数年前、伯爵令嬢であったルーシエは父とともに今侵されている奇病を発症する。
当初は疲労感、頭痛、眩暈がするという程度だったが、やがて病状が進行すると立っていることもままならぬほどになり、発症から半年もかからぬうちに寝たきりの身となってしまった。

ルーシエの幼い頃からの顔なじみであり心優しい婚約者だった男は、最初こそ心配し見舞いにも来たが、寝たきり生活になるやいなや即座に婚約の解消を突き付け姿を現さなくなった。少なからず婚約者の存在に支えられ、必死に闘病していたルーシエはこれをきっかけにして無気力になり、病に抗うことをやめるようになる。

一方でルーシエと同じように病を進行させた父は、自らの体調が改善する見込みがないと判断し、動けるうちにと爵位を返上し財産を整理し平民へと下った。本格的に領地運営が出来なくなってから判断しては、領地が混乱をきたすと配慮しての英断である。

ルーシエ達親子二人の奇病は未知なるものゆえどこの病院でも入院は断られたため、残った金で闘病のための小さな家を買い、最低限の使用人だけ雇って後は暇を出そうしたのだが、多くの使用人達は二人を見捨てずに離れなかった。それどころか療養のために新たな屋敷を確保(不法占拠)し、二人の治療のためにあらゆるもの手段を探し、講じてきたのだ。


「私たちはお二方から与えられたご恩の一部を返しただけに過ぎません」


使用人達は平民の者や、没落した下位貴族の出身の者達ばかりで構成されていた。普通ならば貴族の使用人として働けない者達ばかりであるが、それをルーシエの父である伯爵は個人の能力を重視して使用人として採用したのだ。使用人達は従来の身分からすると破格の待遇でもって雇い入れて貰えたことに、深い恩義を感じた。
だからこそ、使用人達は伯爵が没落しても彼の恩に報いようと必死だった。


(そうね・・・悪いことばかりじゃなかったわね・・・それだけ一生懸命に使用人に尽くされてきたんだから)
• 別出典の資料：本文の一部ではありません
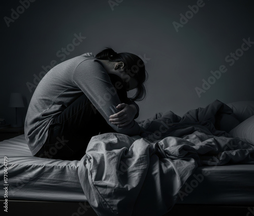 depression, sorrowful, loneliness, anxiety, mental health, distress, despair, woman, bedchamber, isolation, grief, grieved, trauma, frustrated, unhappy, stress, troubled, pensive, introspective, bed, dark, night, sitting, alone, hug, messy, moody, dramatic, monochrome, low light, indoor, adult, young adult, female, human, insomnia, sleeplessness, worried, sleepy, suffering, crisis, silent, desperate, hopelessness, fear, problem, exhausted, disease

給金を払うどころか使用人達に生活の全てを頼りになることになっても、自分達を主とし、従ってくれているこの状況はこれ以上ないほどの幸運だったとルーシエは思い直す。
ただ、ルーシエがこう考えるのは使用人達が山賊行為で金と薬を強奪していた事実を知らないからであるが。



(それに・・・)

チラッ

これから治療を開始するというシュウに目を向ける。
シュウはうすら笑いを浮かべ、いやらしい顔をしているようにルーシエには見えた。これから自分に性的なことをするのでは・・・と、使用人達が感じていた危機感をルーシエも感じていた。

だが捨て鉢の心境になったからだろうか。ルーシエはそれはそれでいいやと考えていた。
彼女はかつて信頼し、愛を育もうと本気で考えていた婚約者に捨てられた。その事実は仕事が出来ないばかりか、女としての機能すら期待されなかったとルーシエの尊厳を深く傷つけた。

現在、数年ろくに食わず動かずだった今のルーシエの体は、体中が不気味な黒紫色に侵されているうえにがりがりに細っている。この醜い姿のまま誰の役に立つこともなく天に逝くくらいなら、こんな自分でも興奮するような物好きの欲を満たしてやったという事実があるだけでもほんの少しだけ嬉しく思う・・・ルーシエは今そんな歪な思考になっていた。


「さて、それでは治療を始めますよ」


シュウがそう言い、ルーシエに近づいた。


「フフッ、もう逃げられませんよ。子猫ちゃん」


手をワキワキと動かして、舌なめずりしながらニヤニヤ笑うシュウを見て「あっ、この人やっぱり私に変なことするつもりなのね」とルーシエは思った。